I sat there wondering whether perhaps I have a gifted musician in my family whose talents I’m not nurturing properly. I mean Ashton’s taught himself some chords on the guitar and can play lots of songs by ear. And Isaac’s got serious rhythm. And Eliza sings beautifully and can pick out songs on the piano by ear. Could they be amazing musicians if I took the time to get them involved in serious lessons and sat by them to practice every day? Could I squeeze in all the time that would entail? Should I kick other things out of our lives to make room for the kids to really develop deep skills in some areas?
After the concert, we went to a reception where we got a chance to talk to some of the brilliant young performers. We found out that most of them practiced 4-8 hours a day. Music was their life and they really seemed to love it. And this intense focus seemed to work for them (and hopefully for their families).
But you know what, I don’t think that would work for my kids or our family. We like to do too many different things. And there are a lot of us. With each child just participating in one or two pretty basic extra-curricular activity (the boys do Scouts weekly and play on a basketball team in the winter, Eliza has weekly dance classes, the twins do soccer plus we do some music lessons here and there), it still seems like it’s hard to protect our family dinner times, the hiking and biking we love doing together most Saturdays, and the free time to read and use their imaginations and play together that I think kids really need.
My mom has pointed out that people can generally be either “highly-sharpened” or “well-rounded”. I guess we’re going more for “well-rounded” than “highly-sharpened” in our family. And I’m OK with that. It seems right for us. I do hope all my kids can feel the thrill of really excelling at something in their lives – and I’m pretty sure those opportunities will arise as we watch for them. But right now, I thank my lucky stars that my kids haven’t shown any really strong inclination towards the expensive, consuming talents that some children have. I just don’t know if I’d have the patience and stamina (or money) to support a truly gifted child in pursuing his or her talent for years and years. Maybe that’s why God didn’t give me any of those Gifted Music School students!
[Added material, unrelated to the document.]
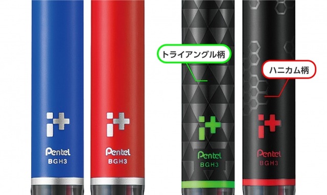 『アイプラス ブラックエディション』は、好評発売中のカスタマイズペン「アイプラス」のボディをベースに、男子中高生に定番で人気のマットカラーの2色と、スポーティーなカラーを細部に配したマットブラックの2色、全4色をカラーバリエーションとし、スピーディーで効率的なノートまとめのモチベーションにつながるデザインとしています。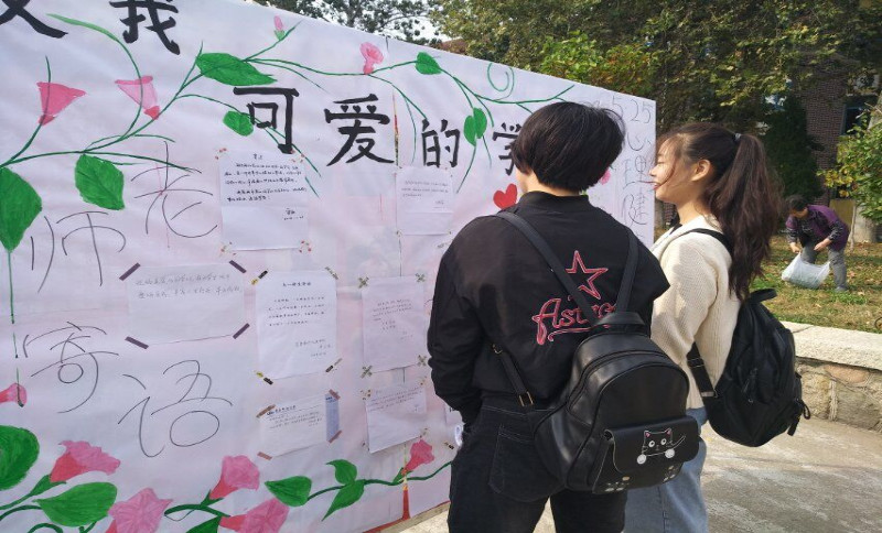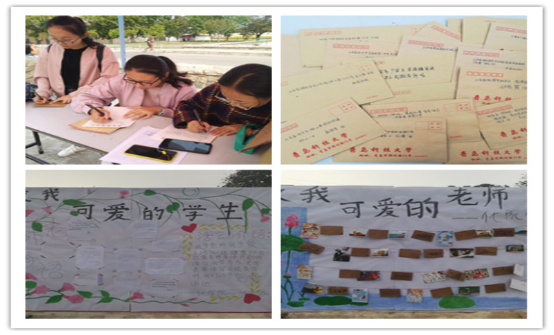 活动开始前一周,化学院联系各位任课教师,并向老师们发出寄语邀请,在老师们的支持下,制作了“致我可爱的学生”寄语展板,活动当天吸引大量学生驻足观看。现场还搜集了学生们写给老师的话语,整理完成“致我亲爱的老师”话语展板。同时,为现场同学准备信纸和明信片,义务为同学们提供寄送服务。

I think it’s important to decide what really matters most to our family and then fit other stuff around that. For some families, perhaps true excellence and “sharpening” for their talented children is an important priority and everything else can be carefully fitted into the spaces around practicing and performing. For other families, perhaps less structure and more time for imagination and play feels like a priority that needs to be placed above the priority of excellence. For most families, certain seasons mean certain priorities while other seasons lend themselves to other priorities. I don’t think there is any one “right” set of priorities when it comes to extracurricular activities and the pursuit of excellence.
But, I do think that we need to stop and really think about our priorities from time to time. It can be so easy to assume that soccer or dance or piano lessons are just what kids are “supposed” to do – and to feel frustrated when our kids don’t seem to excel at anything in particular. Maybe it’s better to figure out what’s most important to us as a family and let our children’s interests and talents evolve – and then build out from there as far as extracurricular activities. Sure, it’s great for kids to be exposed to many different possible talents and interests and to be urged to pursue excellence in ways that will be meaningful to them. But ultimately, I think it’s important to protect our highest priorities for our kids and our family as we carefully choose and generally limit the activities we make a part of our lives.
Maybe we’ll just be excellent at being well-rounded in our family and leave the highly-sharpened excellence to others. I can applaud and appreciate other people’s excellence and develop my own brand of excellence while encouraging my children to do the same.
QUESTION: Is excellence important to you? Why or why not? What are your priorities for the non-work, non-school hours in your family? How can you protect those priorities?
CHALLENGE: Work with your spouse to discuss what you want most for your family. Then talk through the extracurricular activities you’re doing or are planning to do this school year. Decide whether each activity supports your family’s priorities. Make changes if need be.